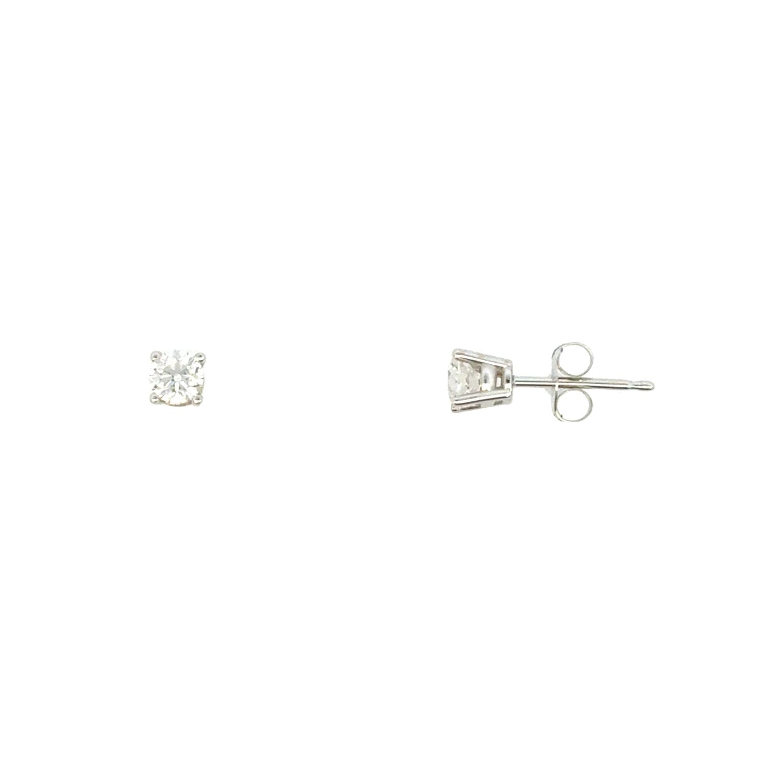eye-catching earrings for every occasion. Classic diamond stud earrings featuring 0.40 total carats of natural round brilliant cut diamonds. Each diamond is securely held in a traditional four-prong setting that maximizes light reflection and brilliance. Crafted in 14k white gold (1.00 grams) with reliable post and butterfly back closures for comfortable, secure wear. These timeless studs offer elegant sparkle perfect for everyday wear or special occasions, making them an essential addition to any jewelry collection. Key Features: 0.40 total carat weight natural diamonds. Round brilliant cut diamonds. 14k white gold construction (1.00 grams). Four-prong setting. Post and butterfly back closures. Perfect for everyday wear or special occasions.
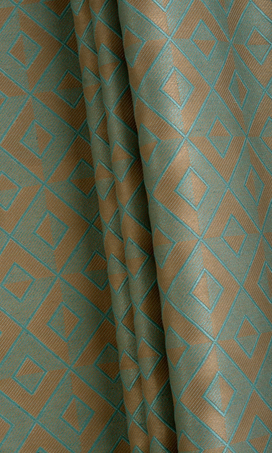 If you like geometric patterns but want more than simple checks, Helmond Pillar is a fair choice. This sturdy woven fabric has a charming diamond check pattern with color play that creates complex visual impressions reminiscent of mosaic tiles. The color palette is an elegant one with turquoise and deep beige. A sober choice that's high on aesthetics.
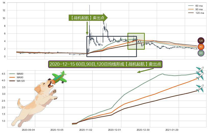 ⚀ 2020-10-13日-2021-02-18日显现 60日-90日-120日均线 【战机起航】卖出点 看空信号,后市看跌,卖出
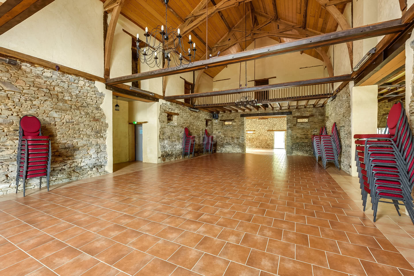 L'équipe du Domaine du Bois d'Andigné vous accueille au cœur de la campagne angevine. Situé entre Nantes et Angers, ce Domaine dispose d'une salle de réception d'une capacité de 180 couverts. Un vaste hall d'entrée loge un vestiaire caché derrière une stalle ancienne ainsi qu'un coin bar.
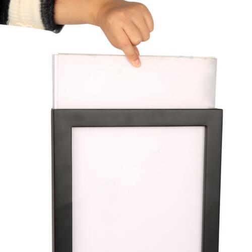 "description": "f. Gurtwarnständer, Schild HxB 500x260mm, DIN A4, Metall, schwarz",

********************

> [WORK TO BE COMPLETED]:
Would you please output the listing above exactly, leaving out the pictures?

> [RESULT OF THE TASK]:
eye-catching earrings for every occasion. Classic diamond stud earrings featuring 0.40 total carats of natural round brilliant cut diamonds. Each diamond is securely held in a traditional four-prong setting that maximizes light reflection and brilliance. Crafted in 14k white gold (1.00 grams) with reliable post and butterfly back closures for comfortable, secure wear. These timeless studs offer elegant sparkle perfect for everyday wear or special occasions, making them an essential addition to any jewelry collection. Key Features: 0.40 total carat weight natural diamonds. Round brilliant cut diamonds. 14k white gold construction (1.00 grams). Four-prong setting. Post and butterfly back closures. Perfect for everyday wear or special occasions.
 If you like geometric patterns but want more than simple checks, Helmond Pillar is a fair choice. This sturdy woven fabric has a charming diamond check pattern with color play that creates complex visual impressions reminiscent of mosaic tiles. The color palette is an elegant one with turquoise and deep beige. A sober choice that's high on aesthetics.
 ⚀ 2020-10-13日-2021-02-18日显现 60日-90日-120日均线 【战机起航】卖出点 看空信号,后市看跌,卖出
 L'équipe du Domaine du Bois d'Andigné vous accueille au cœur de la campagne angevine. Situé entre Nantes et Angers, ce Domaine dispose d'une salle de réception d'une capacité de 180 couverts. Un vaste hall d'entrée loge un vestiaire caché derrière une stalle ancienne ainsi qu'un coin bar.
 "description": "f. Gurtwarnständer, Schild HxB 500x260mm, DIN A4, Metall, schwarz",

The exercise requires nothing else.